(Given information Opens)

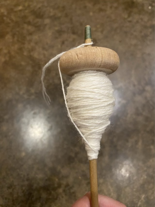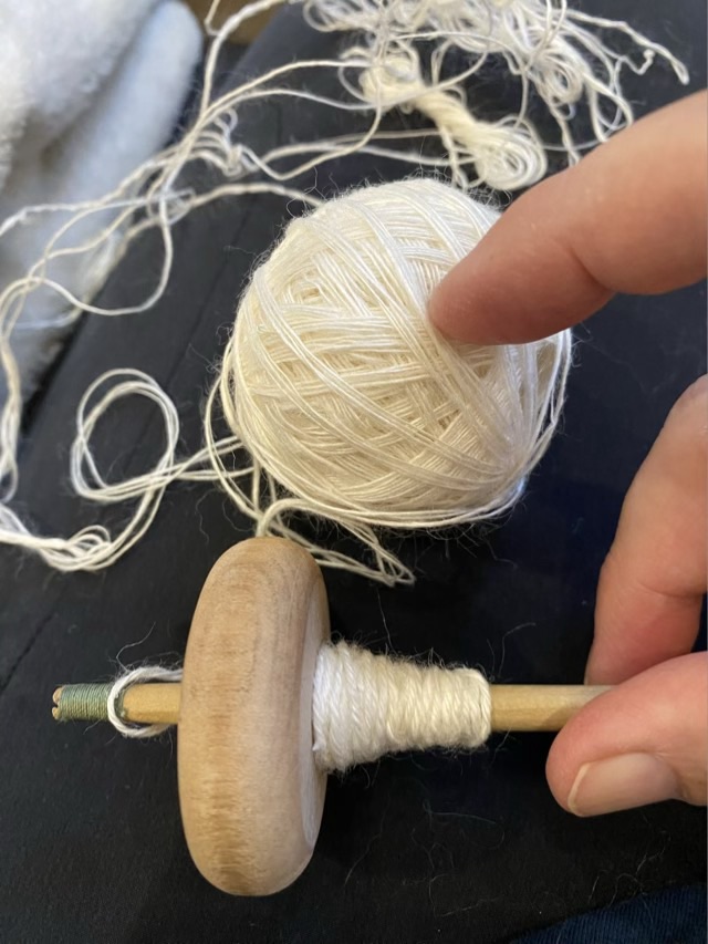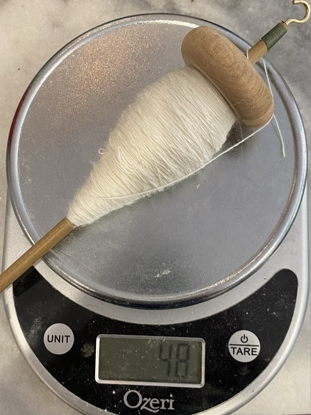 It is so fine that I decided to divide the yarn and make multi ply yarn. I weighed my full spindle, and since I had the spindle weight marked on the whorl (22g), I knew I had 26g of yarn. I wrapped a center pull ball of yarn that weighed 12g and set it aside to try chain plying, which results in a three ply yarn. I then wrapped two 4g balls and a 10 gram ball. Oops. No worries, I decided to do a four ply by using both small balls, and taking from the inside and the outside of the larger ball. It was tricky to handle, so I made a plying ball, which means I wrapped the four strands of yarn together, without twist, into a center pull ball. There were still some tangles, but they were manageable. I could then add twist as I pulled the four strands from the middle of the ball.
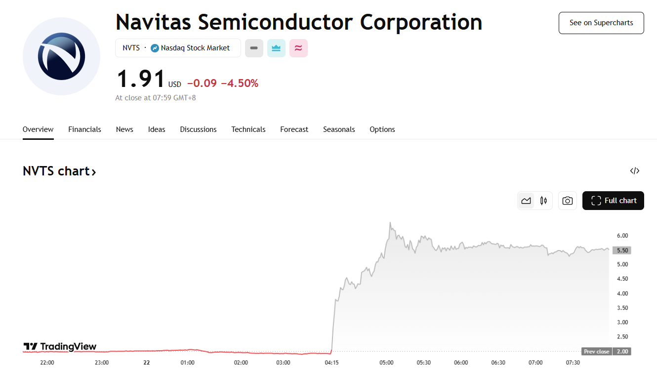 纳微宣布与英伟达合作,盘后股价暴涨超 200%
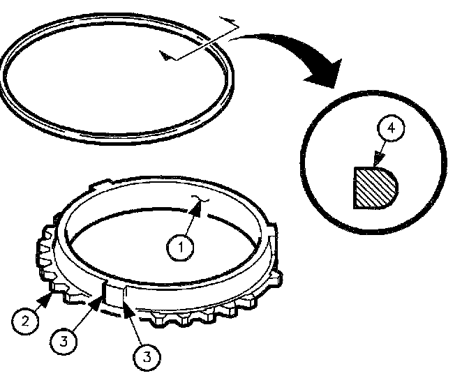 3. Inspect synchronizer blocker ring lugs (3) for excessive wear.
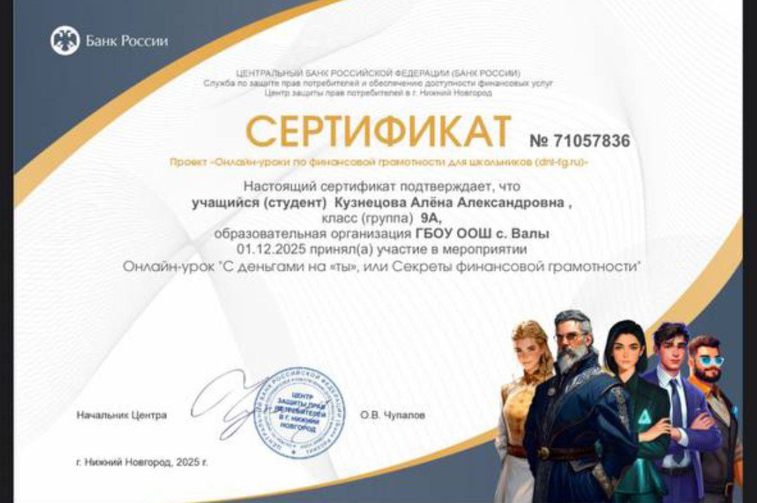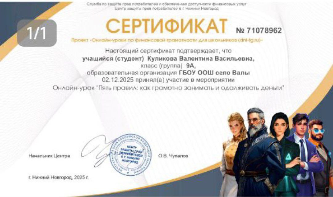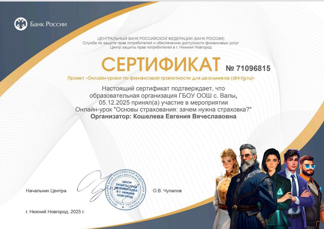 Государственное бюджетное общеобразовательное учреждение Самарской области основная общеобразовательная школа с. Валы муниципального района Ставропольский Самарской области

(Given information Closes)

_Work required_: Skip the pictures, then retype every line above exactly.

_Answer to this task_:
 It is so fine that I decided to divide the yarn and make multi ply yarn. I weighed my full spindle, and since I had the spindle weight marked on the whorl (22g), I knew I had 26g of yarn. I wrapped a center pull ball of yarn that weighed 12g and set it aside to try chain plying, which results in a three ply yarn. I then wrapped two 4g balls and a 10 gram ball. Oops. No worries, I decided to do a four ply by using both small balls, and taking from the inside and the outside of the larger ball. It was tricky to handle, so I made a plying ball, which means I wrapped the four strands of yarn together, without twist, into a center pull ball. There were still some tangles, but they were manageable. I could then add twist as I pulled the four strands from the middle of the ball.
 纳微宣布与英伟达合作,盘后股价暴涨超 200%
 3. Inspect synchronizer blocker ring lugs (3) for excessive wear.
 Государственное бюджетное общеобразовательное учреждение Самарской области основная общеобразовательная школа с. Валы муниципального района Ставропольский Самарской области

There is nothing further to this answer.